A reference of North Dakota Eviction Laws, and steps of the North Dakota eviction process for landlords and renters, updated 2021.
- What are the reasons for eviction under North Dakota eviction laws?
- Non-payment of rent (N.D. Cent. Code §47-32-01)
- Violation of a material lease term (N.D. Cent. Code §47-32-01)
- Wrongful possession of property or force of threat (N.D. Cent. Code §47-32-01)
- The tenant remains in possession of the rental property after the lease term without the landlord’s permission (N.D. Cent. Code §47-32-01)
- What notice do North Dakota eviction laws require that landlords provide tenants before starting the eviction process?
- For evictions based on non-payment of rent, the landlord must provide a 3-day notice. (N.D. Cent. Code §47-32-01).
- For evictions based on a violation of a material lease term, the landlord must provide a 3-day notice. (N.D. Cent. Code §47-32-01).
- For evictions based on wrongful possession of the property or the force of threat, no notice is required. (N.D. Cent. Code §47-32-01)
- Do North Dakota eviction laws allow landlords to use “self-help eviction” methods, such as locking a tenant out of the rental unit or shutting off the utilities?
- No. North Dakota law prohibits self-help measures and a tenant can recover triple their damages if a landlord takes such action. (N.D. Cent. Code § 32-03-29).
North Dakota Eviction Process: Step-by-Step
The eviction process in North Dakota involves the following steps:
- The landlord serves the eviction notice. The landlord must serve an eviction notice on the tenant that has sufficient information about why the tenant is being evicted and what they can do to avoid eviction, if possible.
- The landlord files an eviction lawsuit. The tenant can respond to the notice by paying the late rent, curing the violation, or moving out of the property. If the tenant fails to do any of these, the landlord can begin the eviction process in North Dakota by filing the following documents:
- Eviction complaint – This document sets out the reasons for the eviction and asks the court for the applicable relief.
- Eviction summons – This document notifies the tenant that legal action is being taken against them. The summons states the hearing date.
- Affidavit of identification – This document sets out the personal information for the landlord and the tenant and indicates whether the tenant is in the military.
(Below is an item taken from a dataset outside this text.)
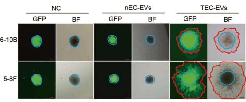 MCF-7 cells were encapsulated in a hydrogel matrix by mixing the cell suspension with VitroGel® Hydrogel Matrix. After allowing the mixture to stabilize at room temperature for 10 min, NHDF cells were added on top of the hydrogel for 2D hydrogel coating culture. The NHDF cells attached and moved inside the hydrogel matrix after 48 hours of culture. The NHDF cells grew surrounding the MCF-7 spheroids and supported the fast growth of MCF-7 for large tumor structure formation.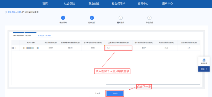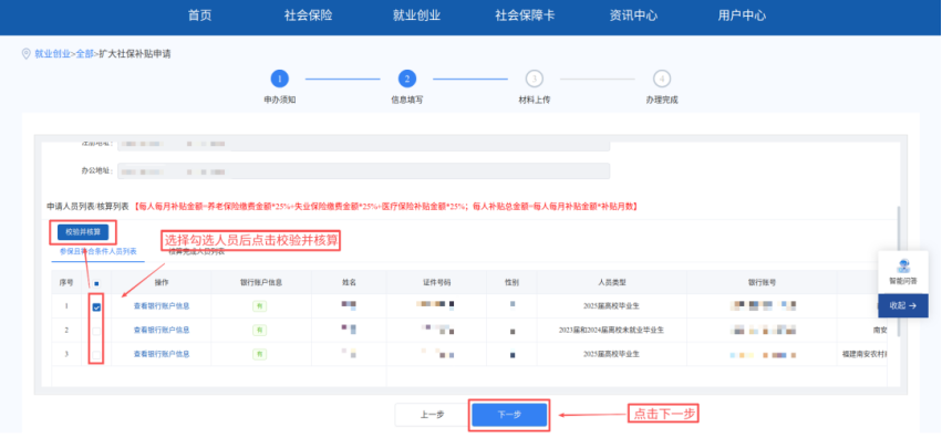 3. 企业经办需先补充完善企业及职工基本信息,勾选人员后点击“校验并核算”——点击“下一步”

- Statement of costs & disbursements – This document states the damages the landlord has incurred and wants the tenant to pay for.
The landlord pays a filing fee and is responsible for serving the tenant with the documents.
- The parties attend the court hearing. The parties attend the court hearing and present their case. The court rules in one of the parties’ favor.
4. The landlord requests a writ of possession. If the tenant does not move out after a judgment is made against them, the landlord can request a writ of possession. This gives the sheriff the legal right to forcibly remove the tenant from the rental property.